Nous avons passé une nuit ensemble. N’allez pas croire que nous sommes des amants et tout. J’ai profité que ma mère est occupée avec son petit ami, je suis sortie par la fenêtre et j’ai couru à travers les champs jusqu’à la plage, où Monsieur Kyo a dressé sa petite tente militaire. Quand il n’y a pas de vent, et que la mer est calme, c’est là qu’il va dormir, pour écouter le bruit des vagues. Il ne savait pas que je devais venir, mais il n’a pas eu l’air surpris quand je me suis arrêtée devant la porte de sa tente. Je ne sais pas s’il avait bu quelque chose, mais il avait l’air content, il souriait. « Entrez, a-t-il dit, vous ne voulez pas rester dehors ? » L’intérieur de la tente est tout petit, avec un toit très bas. Sur les côtés sont cousues des sortes de poches avec du tissu anti-moustiques. Quand on est assis par terre, l’air circule doucement, et on entend tous les bruits de la mer. La toile du toit ondule dans le vent. Cette nuit, il y avait beaucoup de lune, et des étoiles, ça faisait une lueur douce qui éclairait l’intérieur de la tente. C’était bien, je n’avais pas envie de parler. Nous sommes restés assis, avec la porte de la tente ouverte qui battait un peu dans le vent, à écouter et à regarder. J’entendais mon cœur qui battait dans ma poitrine, lentement, très lentement. J’entendais aussi sa respiration, un frôlement profond, qui allait et venait avec le mouvement des vagues.
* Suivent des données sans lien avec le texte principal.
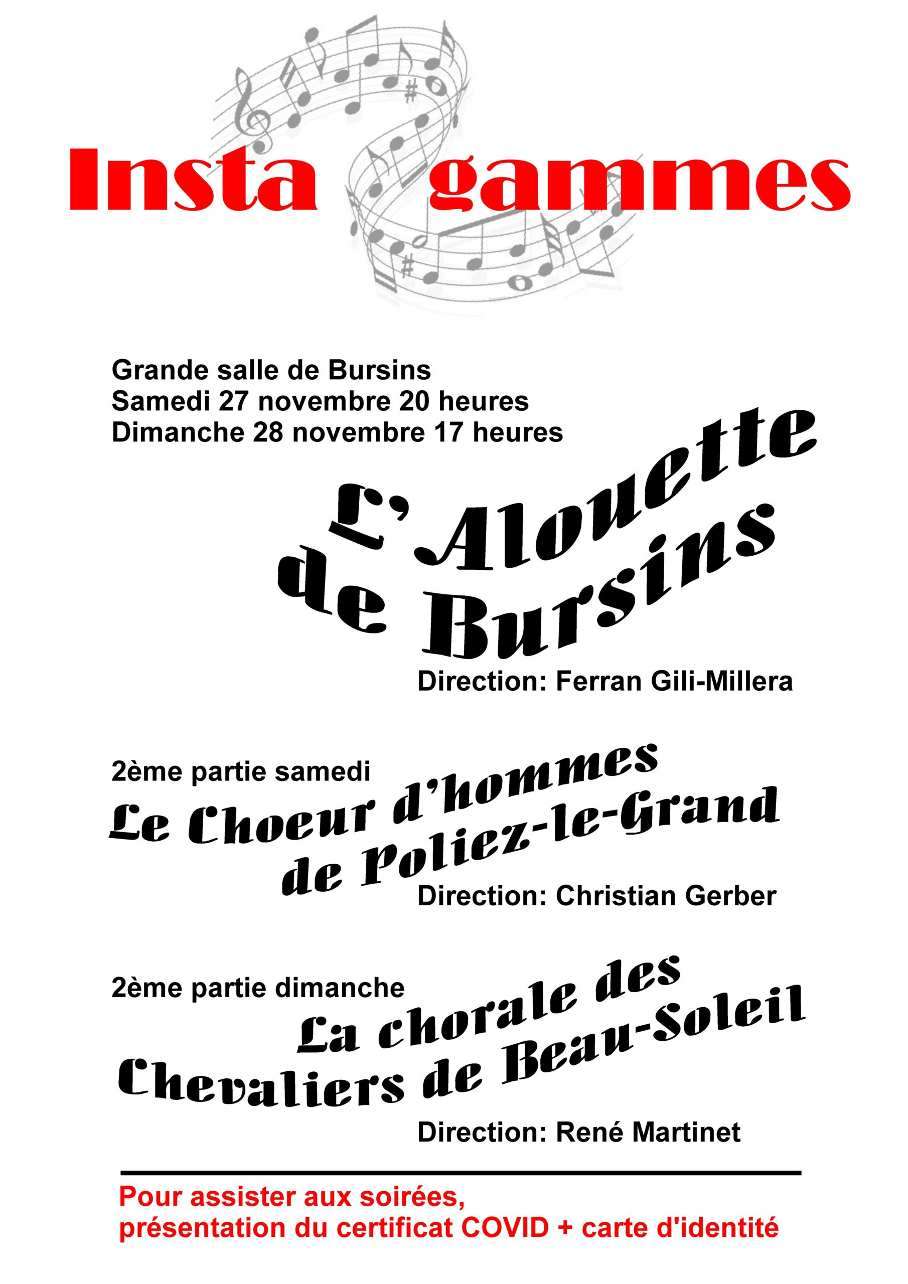 Novembre 2021 : nos soirées De chaleureuses retrouvailles avec notre cher public, avec le choeur d’hommes de Poliez-le-Grand le samedi et le choeur d’hommes « Compagnons de Beau Soleil » de Mont-sur-Rolle.

C’était bien, je n’avais pas envie de bouger. Je voulais que ça dure toujours, jusqu’au matin. À écouter et à sentir la nuit, la mer, le vent, l’odeur du sable et des algues, les coups de mon cœur et la respiration de Monsieur Kyo, jusqu’à la fin, jusqu’au matin. Je ne voulais pas dormir. À un moment, Monsieur Kyo est sorti, il a marché vers les dunes. Je crois qu’il est allé faire pipi dans les toilettes publiques. Il est revenu, il avait le visage mouillé par l’eau de mer. Je suis allée à mon tour jusqu’au bord, j’ai ôté mes chaussures et je suis entrée dans la mer, et lui était à côté. J’hésitais, alors il m’a soulevée et il a marché avec moi dans la mer. J’ai senti la mer qui se réchauffait dans les jambes de mon pantalon, sous mon T-shirt. Lui avait de l’eau jusqu’à la taille. La plage était blafarde sous la lune, mais dans l’eau il y avait beaucoup de poissons transparents qui tournaient autour de nous.